A Geezer’s Notebook, By Jim Foster
This coming Thursday our American friends, assuming we still have some, will be celebrating Thanksgiving, a day set aside by George Washington to thank the Lord for allowing them to carry guns and shoot their next-door neighbour.
Americans have far more to be thankful for than we, their poor northern cousins. For one thing they can be thankful Congress had the brains to hold their Thanksgiving on a Thursday giving them a four-day weekend. We are stuck with a Monday and even the grocery stores are open. The only thing closed as I recall was the beer and liquor store, what kind of half-assed celebration is that?
The Americans invented Thanksgiving Day (and apparently everything else, just ask them) to celebrate the harvest in the fall of 1641, and to give the Pilgrims an excuse to goof off for a day and watch the NFL games on TV. In the spirit of Christian fellowship, they also invited a few of the local Native Americans over to join them for a Thanksgiving feast. I just happened to be going through some stuff in the basement and found a tape of that first dinner. It was held at the home of Deacon Smith.
John Smith – Good afternoon, folks, and welcome to Plymouth Rock. I’m John Smith, thee can call me Jack. This is the little woman, Felicity, and here are the kids, Obadiah, Joshua, Silas, Ezekiel, Sara, Purity, Patience, Prudence, and the twins, Heckle and Jeckle. “Obadiah, get thy hand out of there.”
To my right, is Elder Merriweather and his homely wife, Chastity. They have no children. To my left, Elder Goodbody and his astonishingly fertile missus, Charity, they have several. The rest of the Pilgrims will be by in a few minutes.
Running Deer – To be honest, I’m a little embarrassed. When you asked us to come over, I thought we were just going to play cards and watch the game. The wife could have whipped up some pemmican. Oh I’m sorry, I’m Running Deer and this is the bride, Sparkling Waters.
Sparkling Waters – I wish you had let us know about the dinner, Felicity, and that all those other folks were coming. I could have at least brought a salad or something, maybe a zucchini casserole. It was a great year for zucchinis I’ve got them coming out my…
Running Deer – I’m sure you have, my love. Oh Jack, I brought along 24 skins of fermented moose milk. I thought we can sip away at it while we watch the game. I see Elder Merriweather is dipping into it already, I should have fermented another moose.
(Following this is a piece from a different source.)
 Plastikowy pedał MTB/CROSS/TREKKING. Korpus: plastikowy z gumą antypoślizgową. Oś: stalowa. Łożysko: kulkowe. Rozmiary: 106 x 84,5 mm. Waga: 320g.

John Smith – Bless thee, neighbour. We pilgrims are teetotalers usually – unless someone else is buying. Just a moment, Merriweather, don’t use thy cupped hands, I’ll get thee a pewter mug.
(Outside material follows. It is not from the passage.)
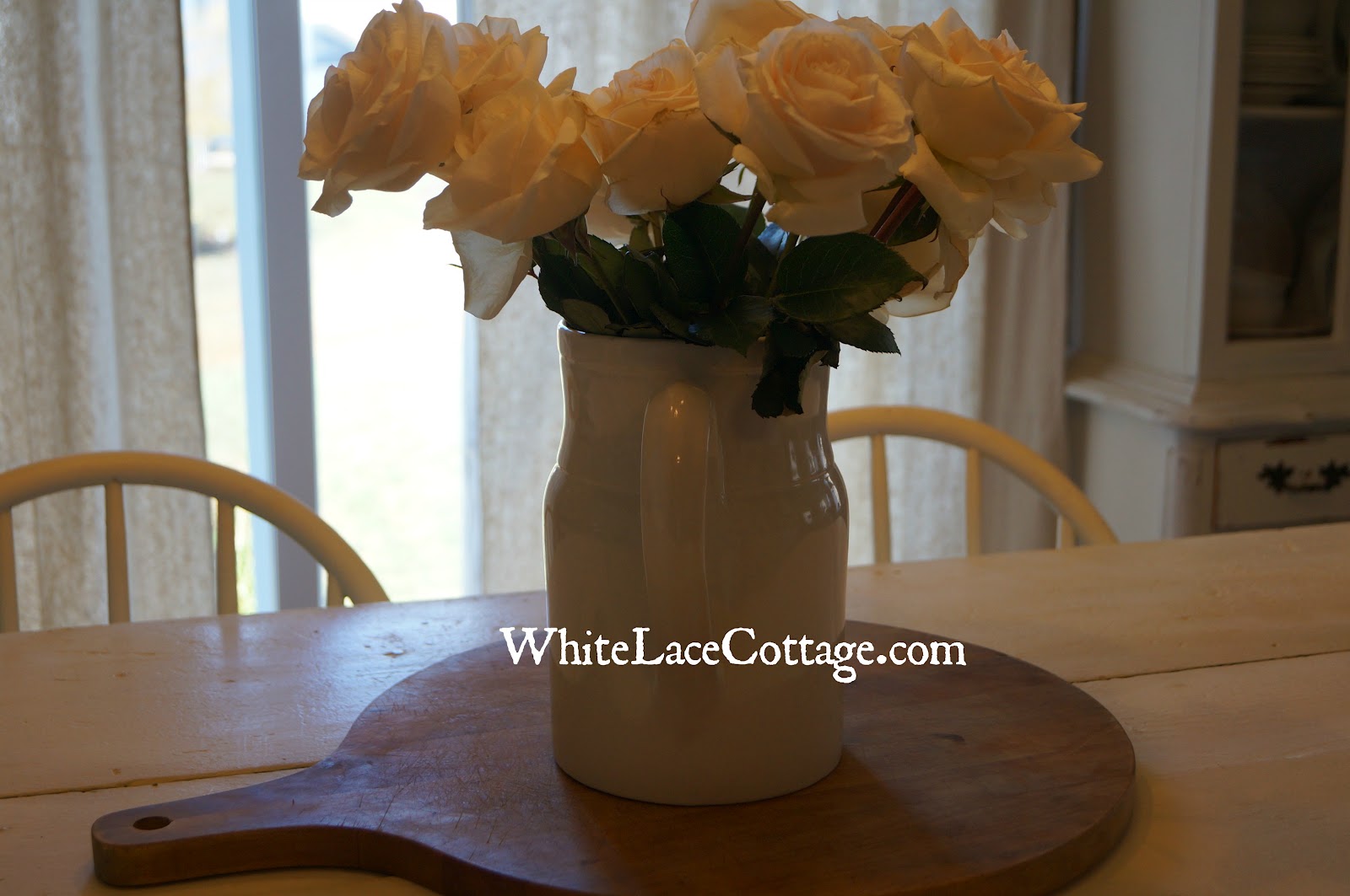 Love those creamy white roses in my French white pitcher.My favorite round board on the table too! I use that every night!

Sparkling Waters – So what’s for dinner, Felicity? Something light, I hope. We had a buffalo for lunch.
Felicity – Turnip.
Sparkling Waters – Turnip. Turnip and what?
Felicity – Just turnip. That’s the only thing we planted that came up.
Sparkling Waters – Turnips aren’t food, Felicity. Turnips are for lawn bowling or throwing at Iroquois. Don’t you have any meat?
Felicity – John went out to shoot something but he’s not very good at it. All he managed to do was wing Elder Cromwell.
Sparkling Waters – Well, don’t fret, dear. We can come up with something. Run, be a dear and shoot us a few turkeys, and maybe a partridge or something as a side dish. Oh, there are some blueberries in the freezer – under the bear steaks. Bring the bag marked ‘July 1640’.
Running Deer – Can it wait, Sparky, the Washington Redskins are on the 10-yard line. Somehow, I have the feeling that this will be the last time us natives will win anything around here for a long time.
John Smith – Whilst thee are up, Running Deer, could thee bring back some of those roasted chestnuts thy people make and some popcorn. That would be nice. We planted a box last spring, but it didn’t come up; just some things that look like rows and rows of yellow teeth.
Elder Merriweather – Oh, and we’re getting a little low on the moose milk there, Cochise. Better bring a few more jugs. Do thee have any of those tobacco leaves thee gave to Wally Raleigh? I’ve been thinking of rolling them up in old newspapers and selling them to those dumb Canadians as a health food.
Running Deer – Let’s see, I better write all this down – a few turkeys, some partridge, blueberries, more booze, and some tobacco. Is that all?
Elder Goodbody – That’s all for now. If we think of anything we’ll let thee know.
Sparkling Waters – Hold on Run, I’ll come with you to help you carry it all.
A few minutes later
Elder Merriweather – Nice folks.
John Smith – They certainly are. Maybe we should wait until after dinner before we tell them we’re taking their land to build a shopping mall.